Given that the UNIX system on which I live already has so many macro processors, why did I even consider building one more? Most macro languages assume that the input is divided into tokens by the rules of an underlying language. I recently faced a problem that didn't come in such a neatly wrapped package. I needed to make substitutions in the middle of strings, as in:

@define Condition under
  ...
You are clearly @Condition@worked.

The first line defines the string Condition, and in the second line that string (surrounded by the special @ characters) is replaced by the text under. Definitions must start on a new line with the string @define; the name is the next field separated by whitespace (blanks and tabs), and the replacement text is the rest of the line. Replacements are insensitive to context: the string @Condition@ is always replaced, even if it is inside quotes or not set apart by whitespace.

A simple macro language like this was sufficient to solve my immediate problem. But once I had it, more applications of the macro processor started to wander across my terminal screen.

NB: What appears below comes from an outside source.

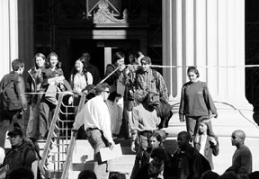 A local news crew attempts to enter 77 Massachusetts Avenue while students evacuate following a small explosion in Room 10-250 Tuesday. Three students were injured in the blast.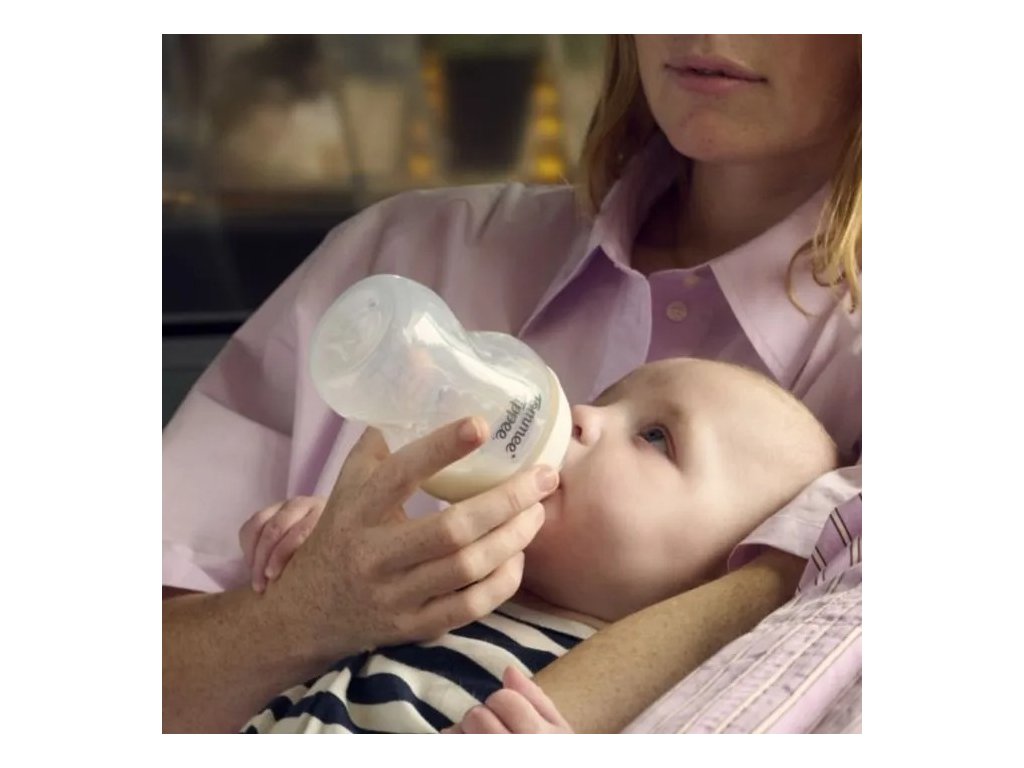 Kojenecká lahvička Tommee Tippee Closer to Nature s unikátní silikonovou savičkou, která svým tvarem a vlastnostmi připomíná mateřský prs. Teplou tekutinou uvnitř lahvičky se savička zahřeje na příjemnou teplotu, měkký a pružný konec savičky připomíná mateřskou bradavku. Dítě tak téměř nepociťuje rozdíl mezi kojením a krmením z této lahvičky.

In Macro Processors and Techniques for Portable Software, P.J. Brown says:

When attending computer conferences and the like, I have listened to (and probably delivered) my full share of boring lectures, but there is one class of bore who easily outshines all the others: This is the man who talks in full details about the way his system has been implemented."

I'm going to try to outshine even the bores of Brown's nightmares by not only describing the implementation but also giving the complete code. We'll start with the simple version that supports definition and replacement.

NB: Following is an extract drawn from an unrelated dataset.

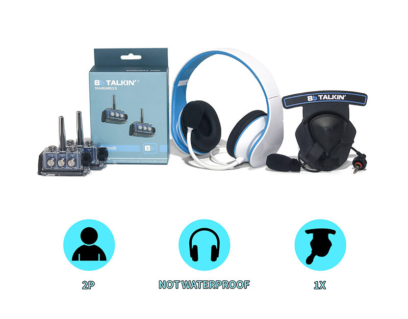 Su geçirmez olmayan stereo kulaklık ve IPX7 göstergeli mono kask pedli kulaklık içeren BbTalkin STANDARD 3.0 2p paketi, su sporlarından keyif alan iki kişi için bir iletişim paketidir. Yan tarafında kulaklık veya koruma bulunmayan herhangi bir standart su kaskıyla birlikte su sporlarında kullanım için idealdir. Bu pakette 1x ikili paket STANDART 3.0 interkom (A02SD), 1x su geçirmez olmayan stereo kulaklık (B06C) ve 1x mono kask yastığı (B02R) bulunur.

Listing One shows the complete Awk program, which contains two pattern-action pairs.

Listing One

awk '
/^@define[ \t]/ { name = $2
         $1 = $2 = ""; sub(/^[ \t]+/, "")
         symtab[name] = $0
         next
        }
        { for (i in symtab)
                gsub("@" i "@", symtab[i])
         print
        }
' $*

The first pattern recognizes @define lines. Its action stores the name, erases the @define and name fields and the white space around them, then stores the remainder of the input line in the symbol table (implemented as an Awk associative array). Execution then proceeds with the next input line. The null second pattern ensures that the action will be executed on all other input lines. The for loop iterates over all entries in the symbol table, and the gsub globally substitutes replacement values for their names. The print statement writes the transformed input line.

In the next version of the program we will add a simple include facility. The input line @include filename is replaced by the contents of filename. We will restructure the program around a recursive routine to read files and add functions to make it easier to extend.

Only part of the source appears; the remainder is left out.